Some people can see. Some can see if shown. And some will never see.
To see what success looks like, you really need to be in that first category. To learn to see what success looks like, you need to be in the second category. And if you can’t see… then maybe project management is not for you. Unless you attack it in a different way – from the details.
I’ve been having ongoing discussions with people about success and what it means to them. For a key activity, identifying what success is varies widely and with a systems approach that I like to take – success is practically built in. But from a business or reporting sense a different approach is needed. I have observed that some people can’t see the forest for the trees ever – and so it means a change in reporting and activities. I have also observed that when a person who cannot see is asked to produce a vision then it is immensely stressful for them. A mark of a good leader is identifying this and working to it accordingly.
I’m working on developing a system to improve big picture thinking at work – mostly around how we view security and how it integrates across systems, data and personnel. Success looks like agile response, appropriate update procedures and adherence to best practice. Not the most concrete of concepts there – and building these ideas for staff to relate and engage with is challenging. I have been building it up as a system for some time – quarterly security audits leading to patching / revision of best practice and developing procedures around incident reporting etc. Only after 6 months are staff seeing the bigger picture come together. But asking them to apply these principles to other activities in the business isn’t working – and I’m now adjusting my strategy around this.
Applying a systems approach to developing what success looks like is the best way I’ve found to mitigate an inability to see the final big successful picture. Big things are made up of small things and identifying where a person’s worldview extends to means we can work on what their big picture looks like. If it’s to the end of the week, month or project then work within that. Build multiple iterations of this to achieve the end goal and use that as a basis of the vision to be achieved.
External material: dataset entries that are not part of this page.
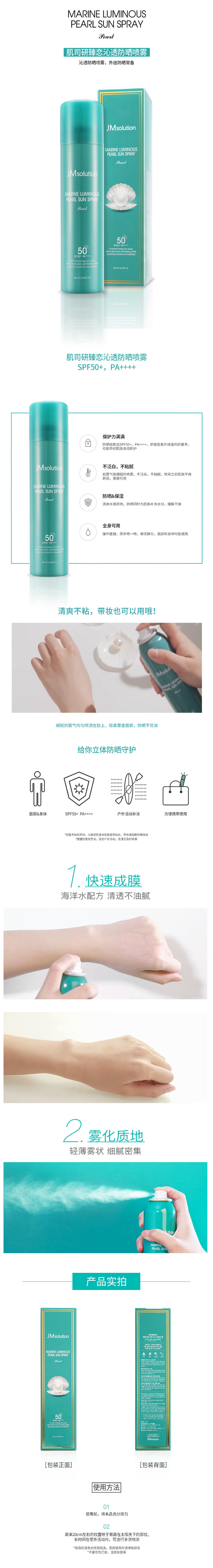 JMsolution肌司研海洋珍珠全身防晒喷雾SPF50+ 180ml/瓶(单位:瓶) 拿铁色
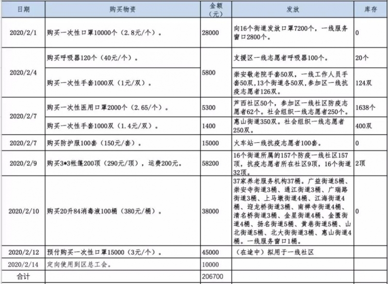 截至2020年2月14日17时,共接受捐赠资金55.1808万元,支出20.67万元,结余34.5108万元。
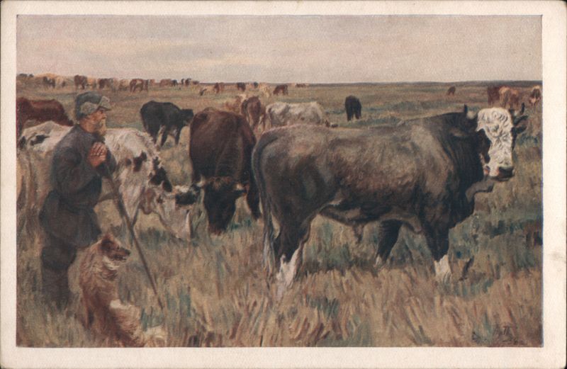 State Art Publishers. A. A. Plastov. Collective Farm Cattle. А. А. Пластов. Колхозное стадо. Printed in the Soviet Union.
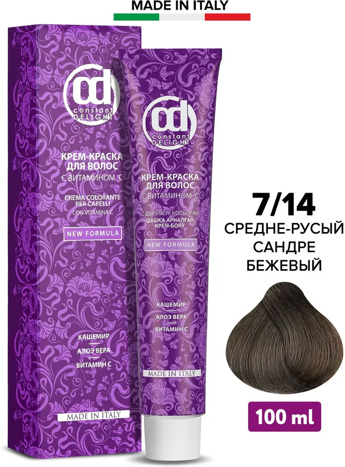 Constant Delight Крем-краска для волос с витамином С, оттенок 7/14 Средне-русый сандре бежевый
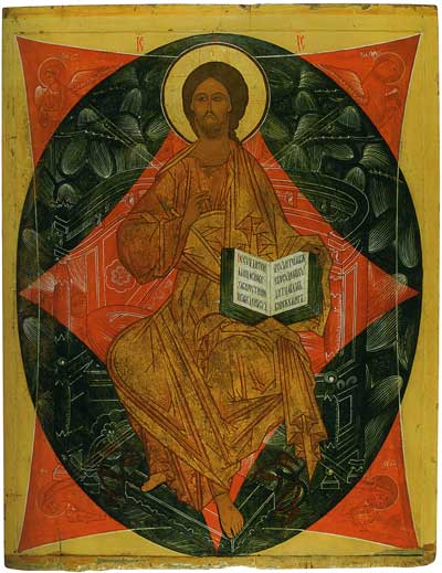 Спас на престоле с припадающими Сергием Радонежским и Макарием Желтоводским и Унженским
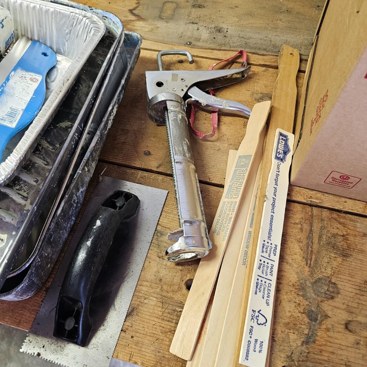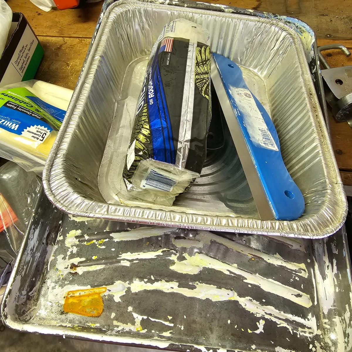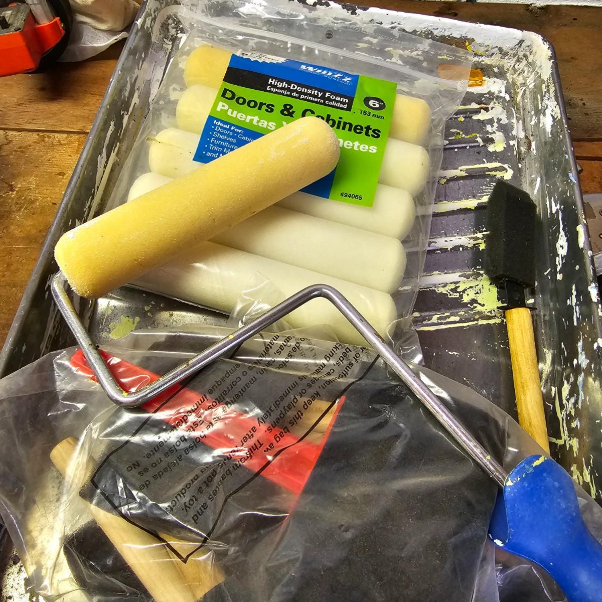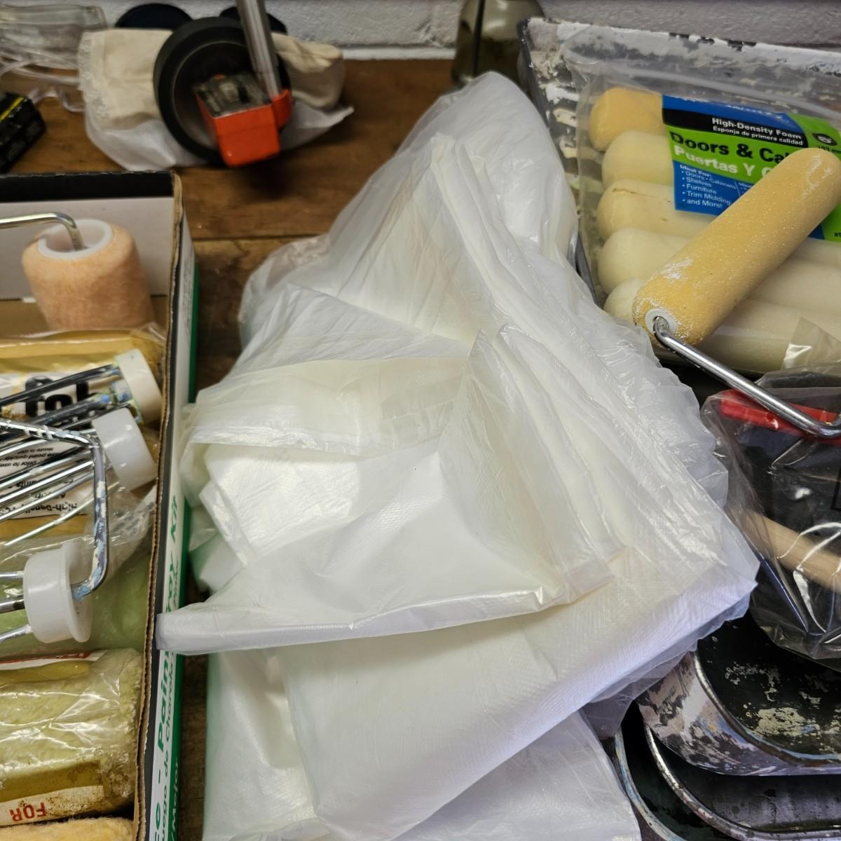Trays, rollers, covers, drop-cloths & more. Steel wool, drop cloths, foam brushes. See photos for details. Local pick up only.

Hopefully as time goes on, the big picture is revealed a bit like a jigsaw puzzle and illumination is achieved! Sadly though, some people will never get to this point, so I direct my efforts to helping them build good short term processes that are directed towards the end goal. Still a win! Not everyone can see the success at the end, but they can still see parts of that success – building block successes if you will.
Thanks for reading. This is an internal discussion I’ve been having for a while and I find writing can bring clarity (sometimes….).